• **Your assignment**
Print exactly the lines below between the line containing "中国气象局8大政务客户端截止" and the line containing "Recycled paper decorative", counting both of those lines. Leave pictures out.

• **Excerpted data**

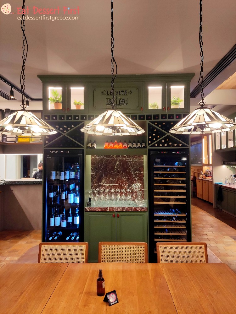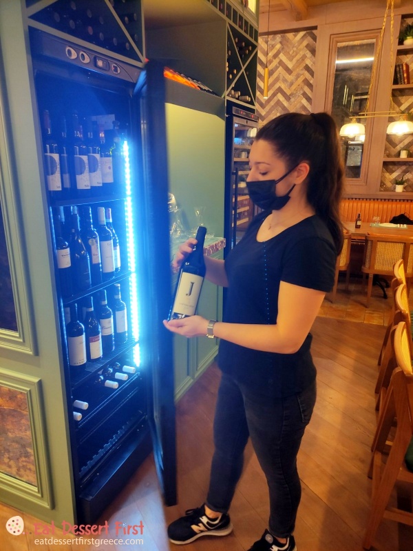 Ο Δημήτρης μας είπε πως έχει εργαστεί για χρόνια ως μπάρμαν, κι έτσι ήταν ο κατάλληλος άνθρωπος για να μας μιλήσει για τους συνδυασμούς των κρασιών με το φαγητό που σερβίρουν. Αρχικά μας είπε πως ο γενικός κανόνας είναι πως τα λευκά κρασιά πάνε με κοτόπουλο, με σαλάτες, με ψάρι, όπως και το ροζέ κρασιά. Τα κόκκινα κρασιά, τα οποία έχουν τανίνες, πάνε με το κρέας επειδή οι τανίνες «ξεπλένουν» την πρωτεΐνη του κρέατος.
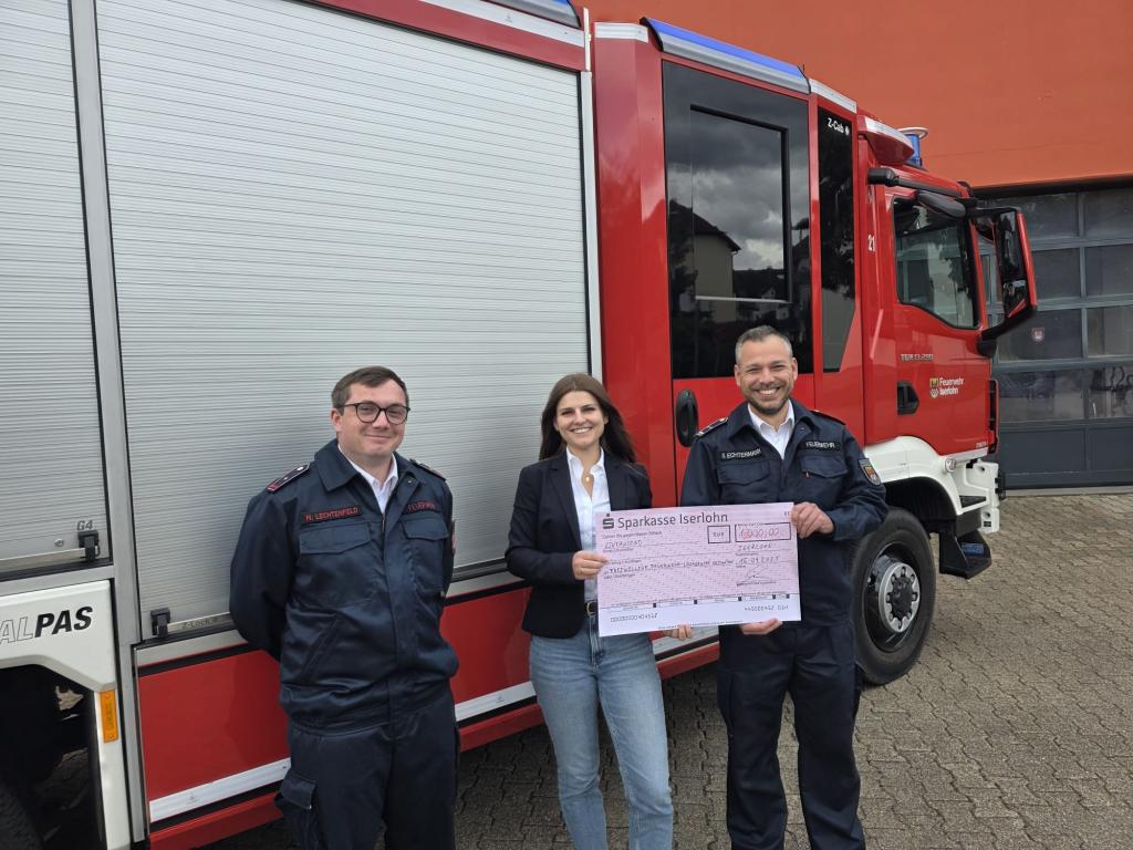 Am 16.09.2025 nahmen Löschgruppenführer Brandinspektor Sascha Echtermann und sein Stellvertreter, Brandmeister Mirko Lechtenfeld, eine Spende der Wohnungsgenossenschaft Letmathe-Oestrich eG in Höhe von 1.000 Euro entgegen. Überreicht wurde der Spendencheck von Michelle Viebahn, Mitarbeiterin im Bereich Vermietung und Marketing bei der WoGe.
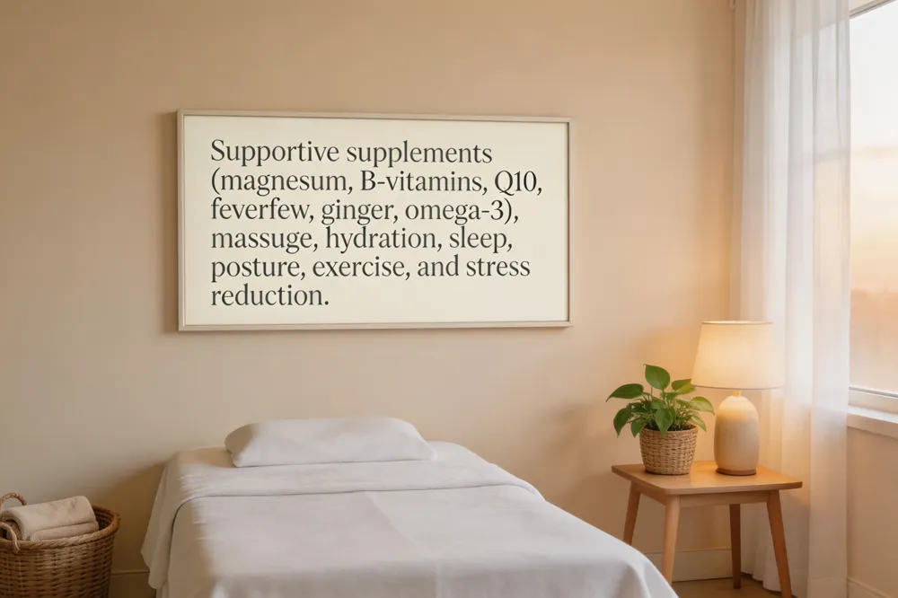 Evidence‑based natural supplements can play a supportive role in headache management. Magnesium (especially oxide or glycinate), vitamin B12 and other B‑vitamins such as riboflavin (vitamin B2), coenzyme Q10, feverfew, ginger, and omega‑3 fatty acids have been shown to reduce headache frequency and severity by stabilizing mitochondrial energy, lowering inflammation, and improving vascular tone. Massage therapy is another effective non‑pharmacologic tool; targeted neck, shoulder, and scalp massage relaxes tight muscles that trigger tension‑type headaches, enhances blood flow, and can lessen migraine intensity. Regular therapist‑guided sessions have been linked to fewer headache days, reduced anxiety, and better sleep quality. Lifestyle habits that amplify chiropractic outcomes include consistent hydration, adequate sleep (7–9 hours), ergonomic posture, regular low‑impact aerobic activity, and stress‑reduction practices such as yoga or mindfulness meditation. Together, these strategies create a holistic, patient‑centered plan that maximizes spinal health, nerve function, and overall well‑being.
* * *
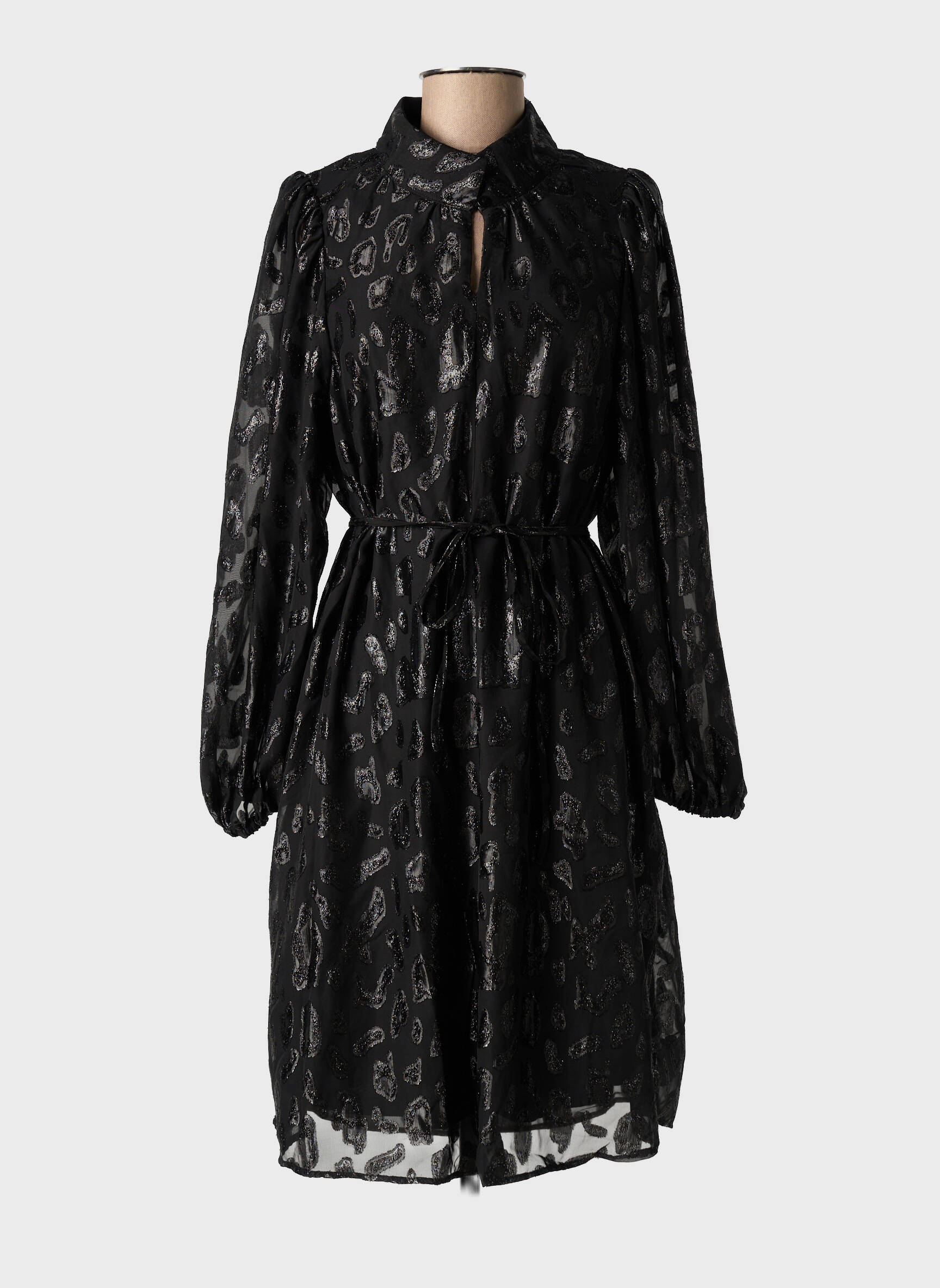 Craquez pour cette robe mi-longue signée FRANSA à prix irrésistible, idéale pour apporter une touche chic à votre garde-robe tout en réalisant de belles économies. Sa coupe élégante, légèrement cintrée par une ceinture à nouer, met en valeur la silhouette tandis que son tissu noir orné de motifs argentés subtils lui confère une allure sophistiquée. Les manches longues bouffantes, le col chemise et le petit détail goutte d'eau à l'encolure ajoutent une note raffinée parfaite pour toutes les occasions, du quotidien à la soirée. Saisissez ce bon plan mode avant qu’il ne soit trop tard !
--
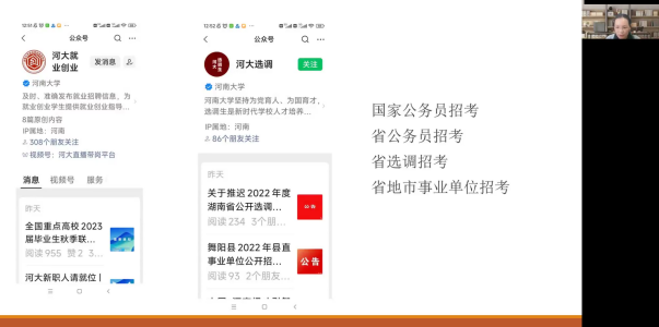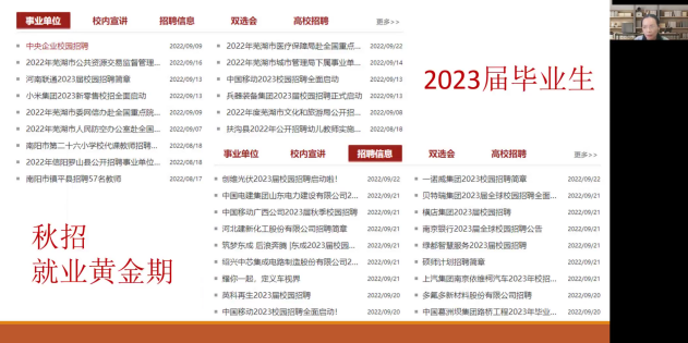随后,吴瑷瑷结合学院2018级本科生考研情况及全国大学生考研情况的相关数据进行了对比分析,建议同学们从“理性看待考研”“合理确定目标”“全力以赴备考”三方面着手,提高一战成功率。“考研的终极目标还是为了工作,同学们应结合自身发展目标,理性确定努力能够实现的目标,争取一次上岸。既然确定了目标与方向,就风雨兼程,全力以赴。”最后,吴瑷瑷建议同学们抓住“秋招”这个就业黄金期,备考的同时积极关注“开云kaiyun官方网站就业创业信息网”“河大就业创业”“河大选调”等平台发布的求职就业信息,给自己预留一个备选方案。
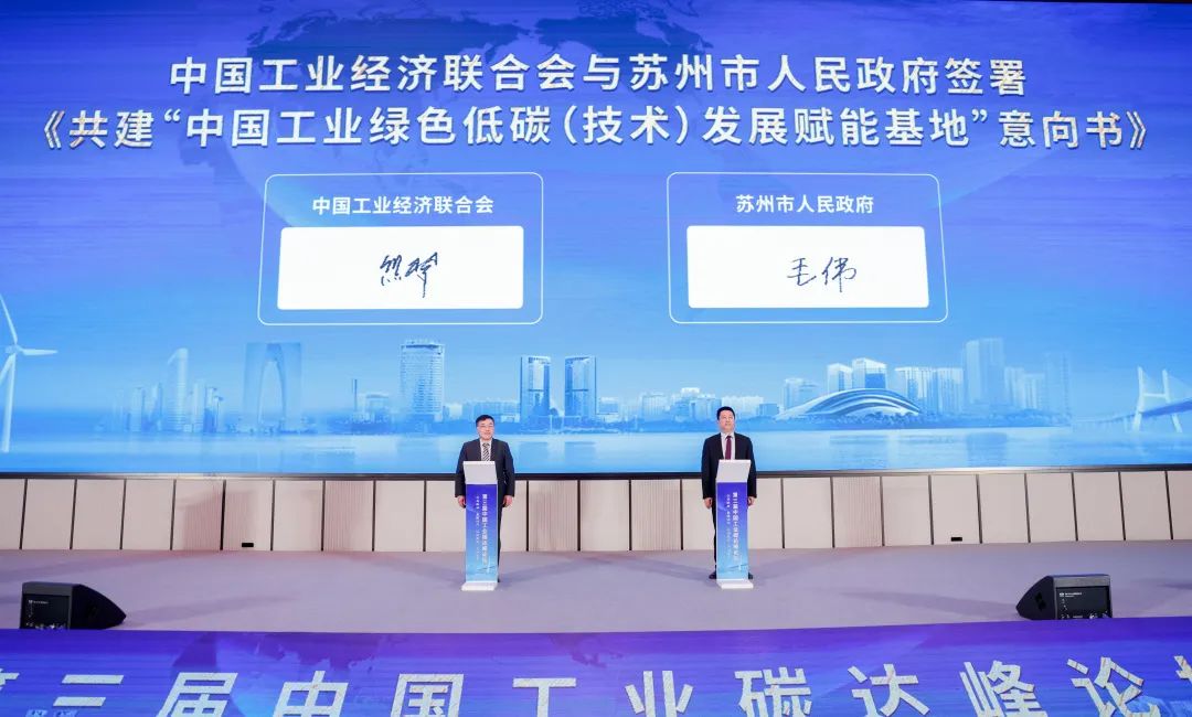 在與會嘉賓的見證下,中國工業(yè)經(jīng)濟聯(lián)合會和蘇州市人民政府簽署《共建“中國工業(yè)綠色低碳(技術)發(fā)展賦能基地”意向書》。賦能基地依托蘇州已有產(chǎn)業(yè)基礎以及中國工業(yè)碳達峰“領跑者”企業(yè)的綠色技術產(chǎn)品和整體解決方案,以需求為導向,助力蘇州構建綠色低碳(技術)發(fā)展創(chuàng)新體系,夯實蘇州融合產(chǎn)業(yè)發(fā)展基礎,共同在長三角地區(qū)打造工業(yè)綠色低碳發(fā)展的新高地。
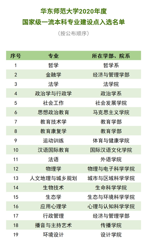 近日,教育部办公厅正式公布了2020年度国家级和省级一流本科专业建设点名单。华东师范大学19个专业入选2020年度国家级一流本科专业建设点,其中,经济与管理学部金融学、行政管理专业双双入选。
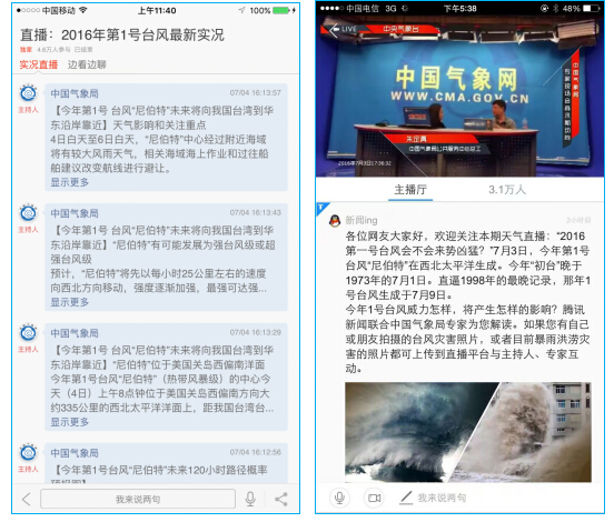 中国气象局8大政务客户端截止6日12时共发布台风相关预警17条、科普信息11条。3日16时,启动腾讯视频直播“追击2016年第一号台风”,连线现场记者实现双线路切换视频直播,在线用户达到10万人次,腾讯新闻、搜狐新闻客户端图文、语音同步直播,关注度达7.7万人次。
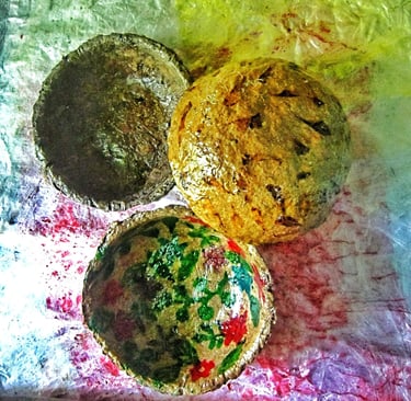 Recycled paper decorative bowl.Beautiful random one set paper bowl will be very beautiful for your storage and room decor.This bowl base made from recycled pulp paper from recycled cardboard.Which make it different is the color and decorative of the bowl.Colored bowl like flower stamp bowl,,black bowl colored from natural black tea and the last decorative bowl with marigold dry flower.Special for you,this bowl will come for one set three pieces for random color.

• **Answer box**
 中国气象局8大政务客户端截止6日12时共发布台风相关预警17条、科普信息11条。3日16时,启动腾讯视频直播“追击2016年第一号台风”,连线现场记者实现双线路切换视频直播,在线用户达到10万人次,腾讯新闻、搜狐新闻客户端图文、语音同步直播,关注度达7.7万人次。
 Recycled paper decorative bowl.Beautiful random one set paper bowl will be very beautiful for your storage and room decor.This bowl base made from recycled pulp paper from recycled cardboard.Which make it different is the color and decorative of the bowl.Colored bowl like flower stamp bowl,,black bowl colored from natural black tea and the last decorative bowl with marigold dry flower.Special for you,this bowl will come for one set three pieces for random color.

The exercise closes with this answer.